Getting Blood From a (Supplier) Scorecard

As the cliche goes, you can't get blood from a stone. And the same could be said for getting actionable information from a supplier scorecard. Last week, I came across this excerpt from a Ventana Research Study that shows performance management approaches -- including scorecards -- are limited in supply chain operations. This is not good news, because even scorecards alone are not enough to gain an actionable perspective into how a supply base is performing overtime. The fact that, according to the study, "the specific supply chain operations not being served by scorecards include product design, planning, sourcing and procurement, manufacturing, fulfillment, distribution and delivery, and returns" is quite disconcerting indeed. Ventana Research subscribers can read the full study by clicking here. You can also read some past perspectives on supplier performance management from Spend Matters here and here.

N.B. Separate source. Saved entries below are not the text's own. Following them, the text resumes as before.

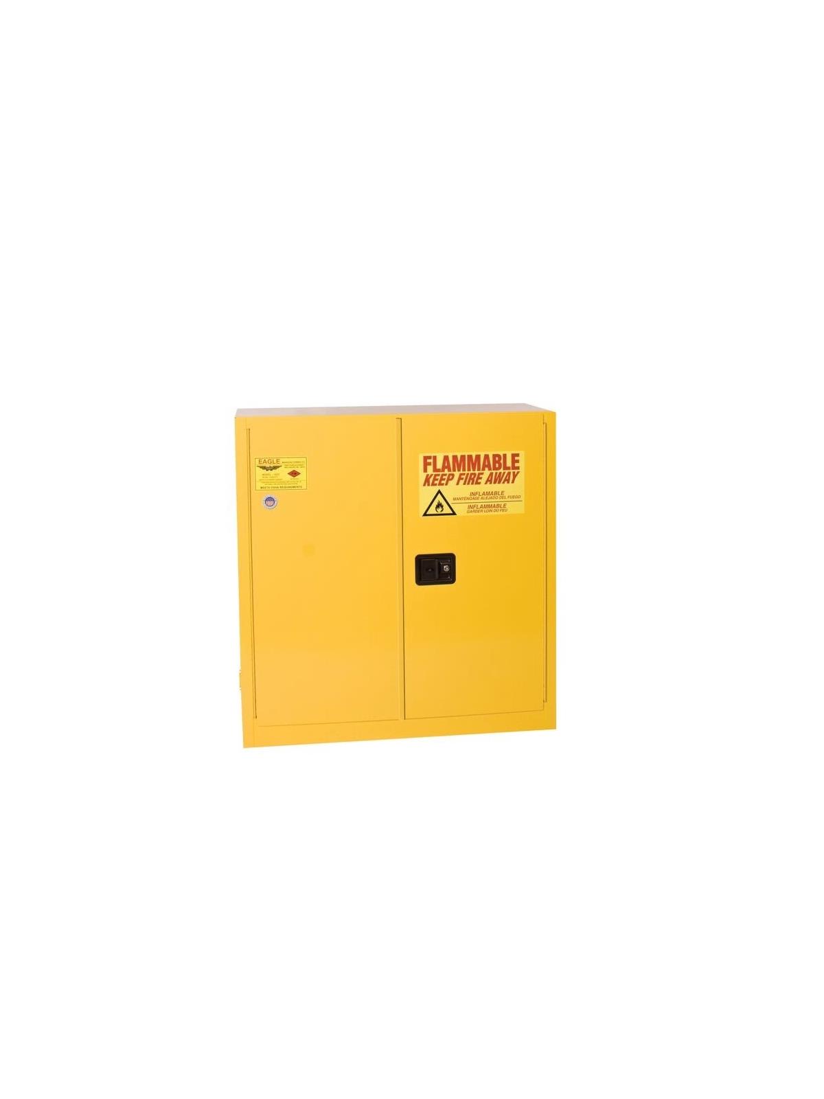 Eagle flammable storage cabinets come in yellow high gloss powder finish with red warning, grounding attachment, 3-point key lock, and 2-inch raised leakproof door sill. Each shelf is adjustable, supported by four brackets, and can support 350 pounds. All our metal cabinets meet NFPA Code 30 and OSHA requirements. Flammable cabinets help keep flammable liquids near work areas safely. Constructed of 18-gauge steel, all cabinets feature reinforced double-wall construction with air space on the sides, top, bottom, back and doors. Flammable cabinets, also known as fire cabinets, come in standard design, tower cabinets with legs, wall mounted cabinets, under counter cabinets, and add-on cabinets. FOB Shipping Point.
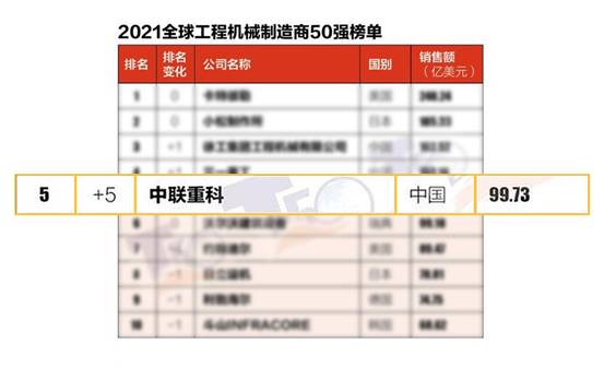 △中聯重科榮登2021全球工程機械制造商50強榜單第5名
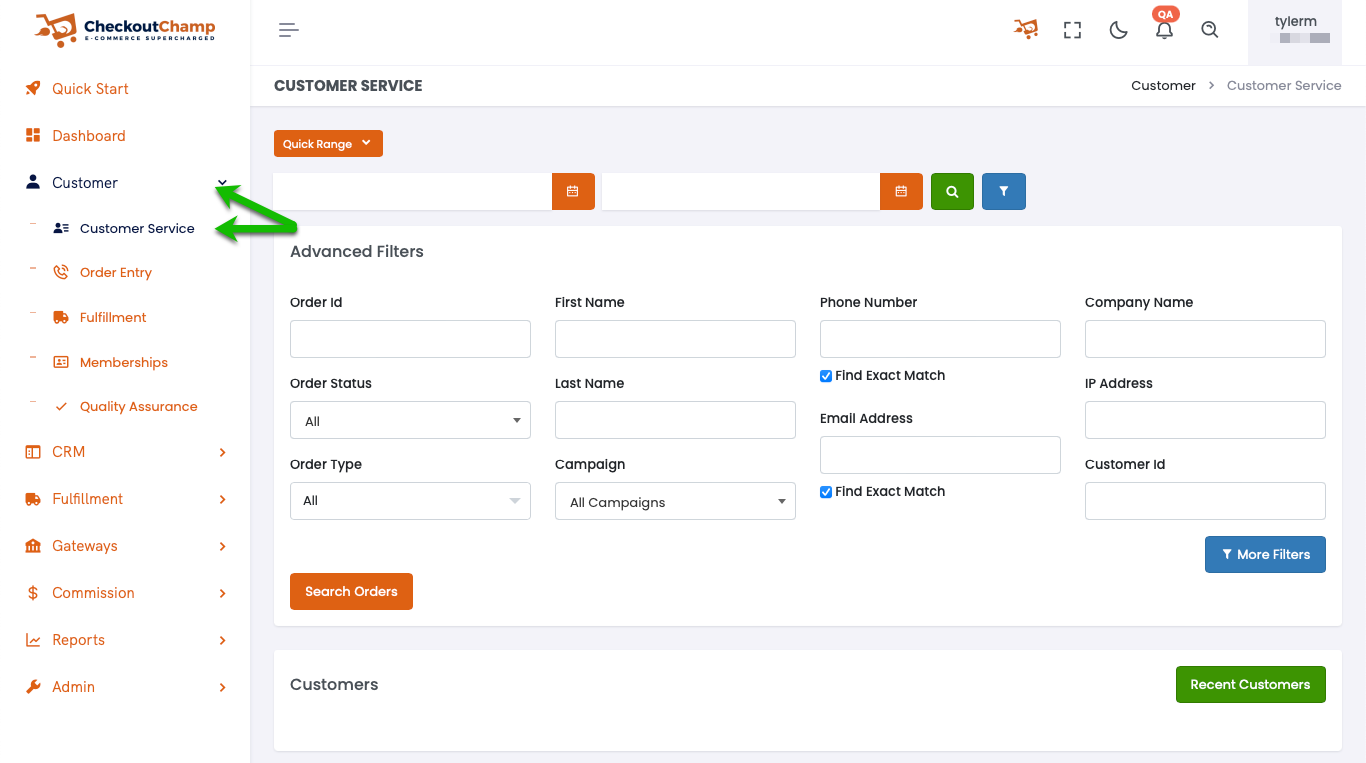 You can search by name, orderId, email address, phone number, etc.

The problem with procurement and operations scorecards is that they often look at supplier performance in isolation. For small companies with only a handful of operating sites looking to gain marginal visibility into supplier performance, this is not a big deal -- it's easy to roll-up a couple of spreadsheets on a quarterly basis to gain a broad perspective on operating trends within a supply chain. And you'll keep Redmond in business by paying the Bill Gates tax for Office and Access if you choose this approach. But this process always falls short when an organization needs a current view of performance to develop and react to changing conditions in the supply market to take action. And in addition, this model does not scale past a few operating sites even if passive data is enough. So you can take this Ventana report as doubly bad news. First, it's appalling that such a small percentage of companies are using scorecards to consider supply chain performance. Second, given these findings, it would seem that only a handful of global companies are taking a more active approach to monitoring supplier performance.